The trial does allow us to ask a lot of other questions, for example, is the observation going to hold up if we just put patients with non-anaplastic large cell lymphoma on these regimens, that’s a question that remains to be answered. What is the level of CD30 expression that’s really important? For the moment, at least from the community practice point of view, if your patient has CD30 expression and you feel that’s the right therapy you’re allowed to go ahead and do it. So it’s a major advance in a field where we have not had a lot of advances.

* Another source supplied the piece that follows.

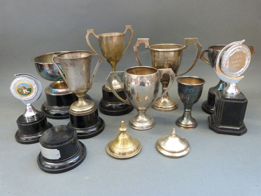 A quantity of trophies, trophy bases and awards including bowls and table tennis

Some might say being addicted to this CHOP-based combination chemotherapy backbone is something we’ve done for a while. It’s taken us two decades to identify a trial that finally showed a benefit. So many people, including our group in New York, have suggested maybe we’ve learned a lot more about the biology of these diseases and that we might be able to leverage many new drugs approved for the disease in recent years like HDAC inhibitors and pralatrexate and create novel, non-CHOP based backbones. In fact, there’s going to be data presented at this meeting, one will be an oral presentation from Lorenzo Falchi from my group who will be sharing phase I data of a combination of azacitidine and romidepsin, a pure epigenetic-based therapy in a very heavily treated phase I patient population is producing overall response rates of 80-90% and 100% in patients with angioimmunoblastic T-cell lymphoma.
So actually I’m the optimist in the field. I actually think this is a good time for patients with T-cell lymphoma, that we have new concepts emerging that are biologically predicated on perhaps replacing chemotherapy and we finally have insights on new ways to leverage conventional chemotherapies that are FDA approved in a way that we can now demonstrate data-wise is going to help patients long-term.